Reproduce exactly the entries from the "NICON Training Institute IELTS" line to the end. Skip all pictures.
____ THE INPUT
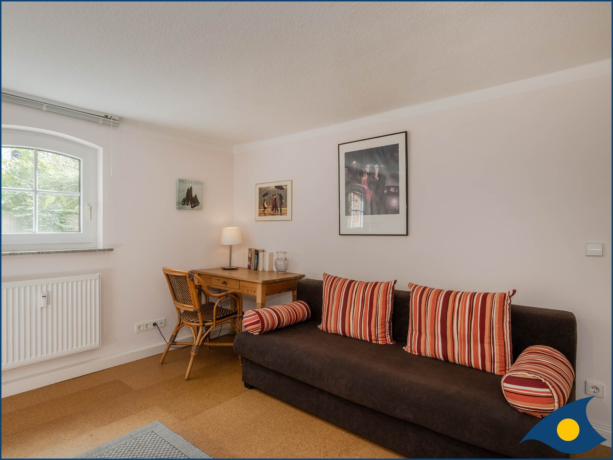 Das bequeme Schlafsofa im Wohnbereich bzw. im Schlafzimmer kann als Aufbettungsmöglichkeit für eine 3. und 4.Person genutzt werden.
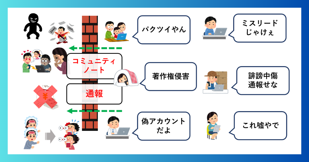 収益化をしている者でもノートが付いた投稿からは収益が発生しない仕組みなので、パクツイ・著作権侵害投稿など、虚偽情報では無いにしろ不正な利益を得る目的での利用者から不当利得を剥奪することができます。
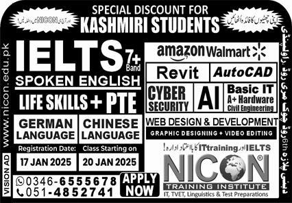NICON Training Institute IELTS admissions 2025 has been announced. NICON Training Institute Rawalpindi Punjab Pakistan welcomes students to apply for admissions in academic year 2025 in Science College. Students who want to enroll for academic session 2025 in qualification and admission criteria for Government institute can apply till last date. Read newspaper ad for exact details.
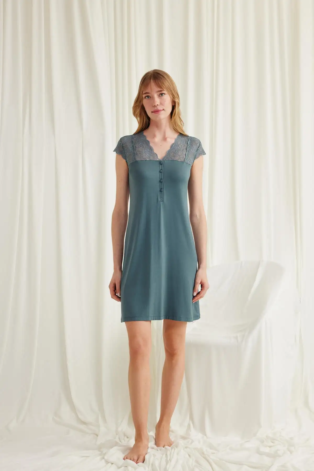 Kolu Omzu ve Yakası Dantelli Önü Düğmeli Yeşil Gecelik
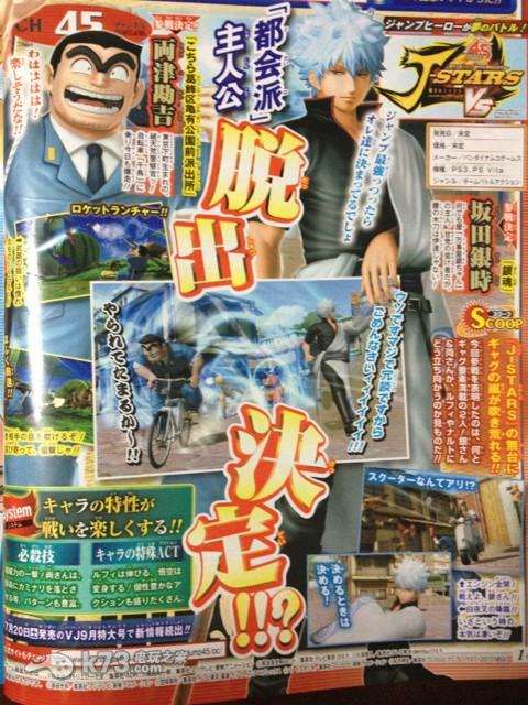 来自本周fami通的最新消息,Jump为纪念诞生45周年而在psv和ps3双平台发售的大乱斗游戏《J明星胜利对决/J-Stars Victory VS》于今天公开了两名全新的参战角色,他们分别是坂田银时和两津勘吉。
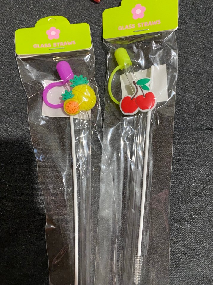 Renkli meyve figürlü cam pipetler, ananas ve kiraz süslemeleriyle. Temizleme fırçası dahil, parti malzemesi olarak uygun.
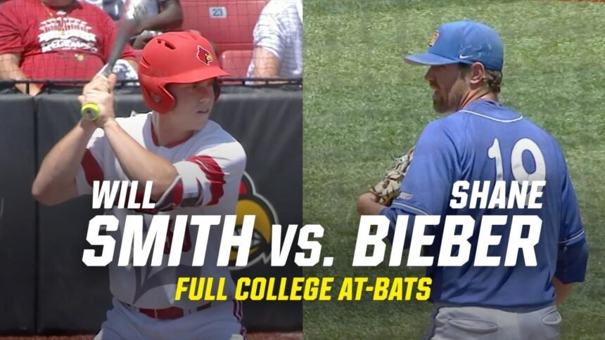 Watch the full at-bats from 2016 NCAA baseball super regionals between present-day MLB stars Shane Bieber (UCSB) and Will Smith (Louisville). The two All-Stars will face off again in the 2025 World Series between the Toronto Blue Jays and Los Angeles Dodgers.
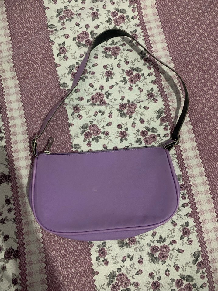 Mor pastel renkli, sentetik kumaştan yapılmış, tokalı askısı ve minimalist tasarımıyla günlük sokak modasına uygun bir kadın omuz çantasıdır.
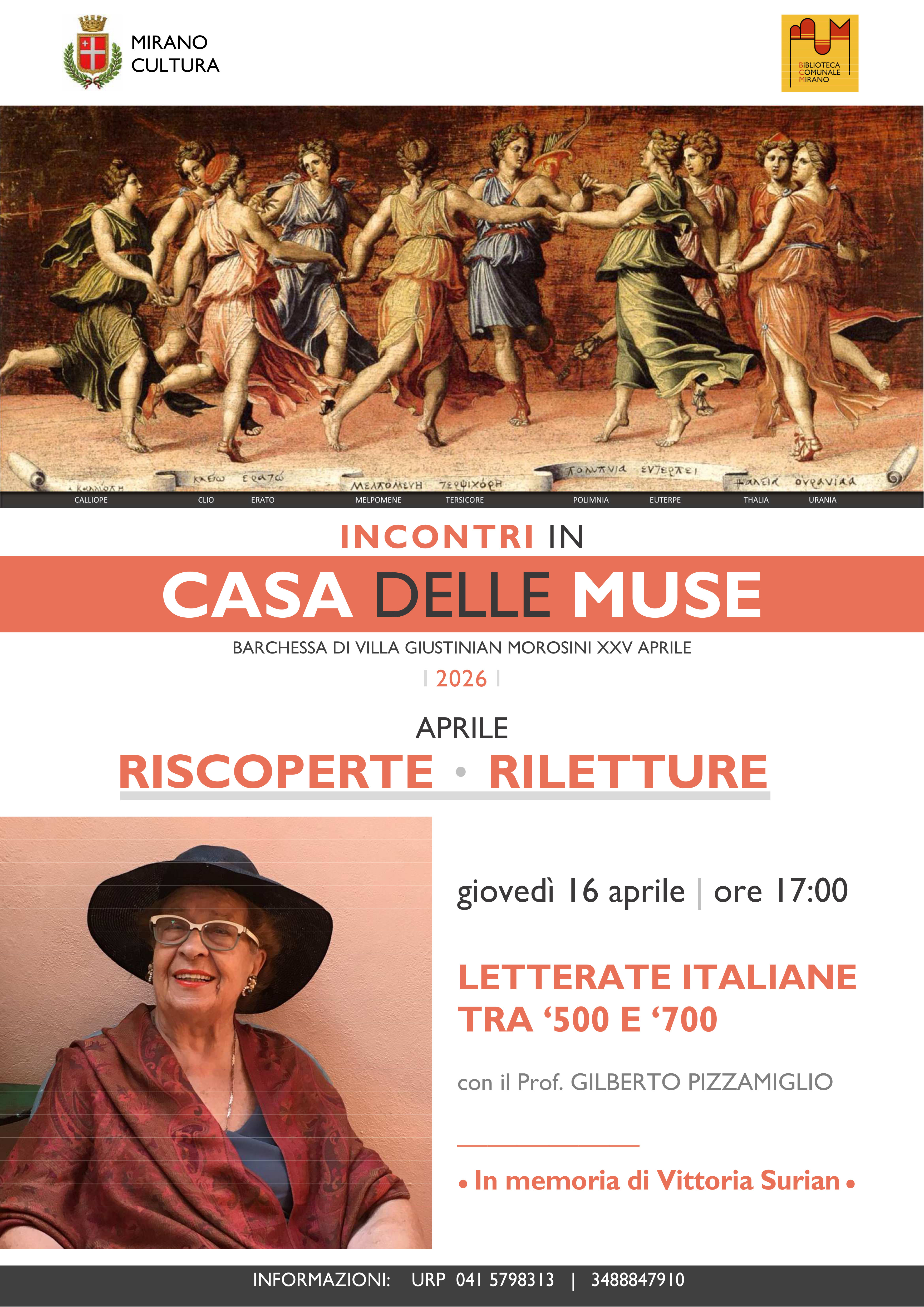 Oggi giovedì 16 aprile alle ore 17.00 incontro “In memoria di Vittoria Surian. Letterate italiane tra ‘500 e ‘700” con il professor Gilberto Pizzamiglio nella Casa delle Muse, presso la Barchessa Giustinian-Morosini “XXV Aprile” in via Mariutto n. 1 a Mirano.
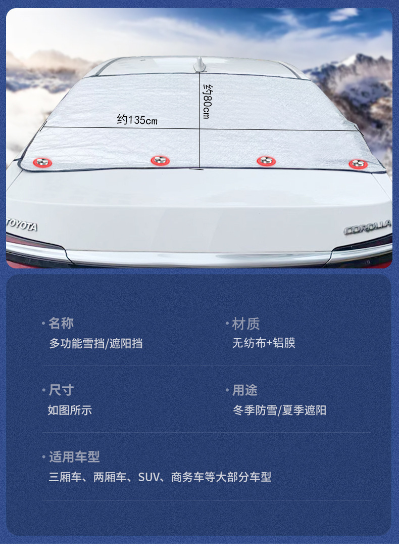 【产品尺寸】:半罩遮雪挡约255*235*140cm
________
> [TASK RESPONSE]
NICON Training Institute IELTS admissions 2025 has been announced. NICON Training Institute Rawalpindi Punjab Pakistan welcomes students to apply for admissions in academic year 2025 in Science College. Students who want to enroll for academic session 2025 in qualification and admission criteria for Government institute can apply till last date. Read newspaper ad for exact details.
 Kolu Omzu ve Yakası Dantelli Önü Düğmeli Yeşil Gecelik
 来自本周fami通的最新消息,Jump为纪念诞生45周年而在psv和ps3双平台发售的大乱斗游戏《J明星胜利对决/J-Stars Victory VS》于今天公开了两名全新的参战角色,他们分别是坂田银时和两津勘吉。
 Renkli meyve figürlü cam pipetler, ananas ve kiraz süslemeleriyle. Temizleme fırçası dahil, parti malzemesi olarak uygun.
 Watch the full at-bats from 2016 NCAA baseball super regionals between present-day MLB stars Shane Bieber (UCSB) and Will Smith (Louisville). The two All-Stars will face off again in the 2025 World Series between the Toronto Blue Jays and Los Angeles Dodgers.
 Mor pastel renkli, sentetik kumaştan yapılmış, tokalı askısı ve minimalist tasarımıyla günlük sokak modasına uygun bir kadın omuz çantasıdır.
 Oggi giovedì 16 aprile alle ore 17.00 incontro “In memoria di Vittoria Surian. Letterate italiane tra ‘500 e ‘700” con il professor Gilberto Pizzamiglio nella Casa delle Muse, presso la Barchessa Giustinian-Morosini “XXV Aprile” in via Mariutto n. 1 a Mirano.
 【产品尺寸】:半罩遮雪挡约255*235*140cm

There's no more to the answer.